Europe's east-west border is at last wide open

In a ceremony marking the final chapter in the unification of Eastern and Western Europe that began more than 18 years ago, Chancellor Angela Merkel of Germany and the leaders of Poland, the Czech Republic and Portugal dismantled border-crossing points on a frontier that had symbolized the Cold War divide.

Merkel, a child of that division, stood in freezing temperatures with Prime Minister Donald Tusk of Poland, Prime Minister Mirek Topolanek of the Czech Republic and Prime Minister José Sócrates of Portugal, which holds the rotating European Union presidency.

Merkel's parents decided to leave West Germany for East Germany after World War II, and she had no opportunity to travel to the West until the collapse of the Berlin Wall in November 1989. She called the dismantling of the border crossing a "truly historical moment."

"We have one Europe, where passport controls from Sweden to Italy, from Portugal to the Baltic states no longer exist," she said. "That is a freedom, a freedom to travel. The schoolchildren of today can experience a normal Europe, something of which our parents and grandparents could only dream."

In a televised ceremony in Zittau, in Eastern Germany on a frontier that forks into Poland and the Czech Republic, Merkel was joined by Tusk, Poland's newly elected prime minister, who said it was "unbelievable, a dream come true" that border controls were being dismantled.
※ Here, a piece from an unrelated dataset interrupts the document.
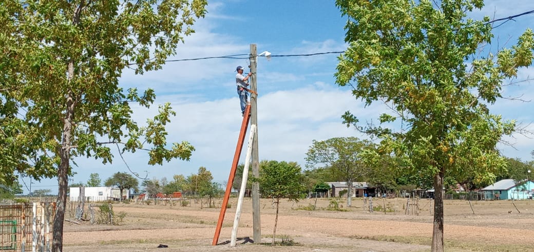 El comisionado interventor Dante Romero recorrió la plaza del Esquilador donde los trabajadores municipales están instalando nueva luminaria led.

Topolanek said, "The path toward freedom has ended."

The weather and the low-key setting were in sharp contrast to those extraordinary, emotional and often dangerous days leading up to the fall of the Berlin Wall. Tens of thousands of East Germans had traveled to Czechoslovakia, where they converged on the West German Embassy in Prague. There, they scaled the elegant iron gates of the residence, seeking refuge until they were given permission by the East German and Czechoslovak authorities to leave for the West.

East Germans had already moved droves to Hungary, where tens of thousands were camping out under warm skies in Budapest, refusing to leave and return to East Germany, despite demands by East Berlin that Hungary send them back. After negotiations between Budapest and Chancellor Helmut Kohl's conservative government in Bonn, West Germany, it was agreed that Hungary would not give in to East Berlin's demands.

Then, on June 27, 1989, the foreign ministers of Austria and Hungary, Alois Mock and Gyula Horn, went to the border that divided their countries. There, together, with a pair of heavy iron pliers they began to cut through the thick barbed-wire fence that for decades had divided East from West. East Germans rushed through the breach and eventually made their way to West Germany.

On Friday, Mock and Horn were thanked by Austrian and Hungarian leaders at a border-crossing ceremony as Hungary joined the Schengen zone, as the free-travel area is known, ending the need for passport controls on the Austrian border. Other new Schengen members are Estonia, Latvia, Lithuania, Slovakia, Slovenia and Malta.

Two EU members, Ireland and Britain, have not joined the Schengen zone, and two non-EU members, Norway and Iceland, are part of it.

Bulgaria and Romania will have to wait a few more years to make their borders with Turkey, Moldova and other countries secure before they can join.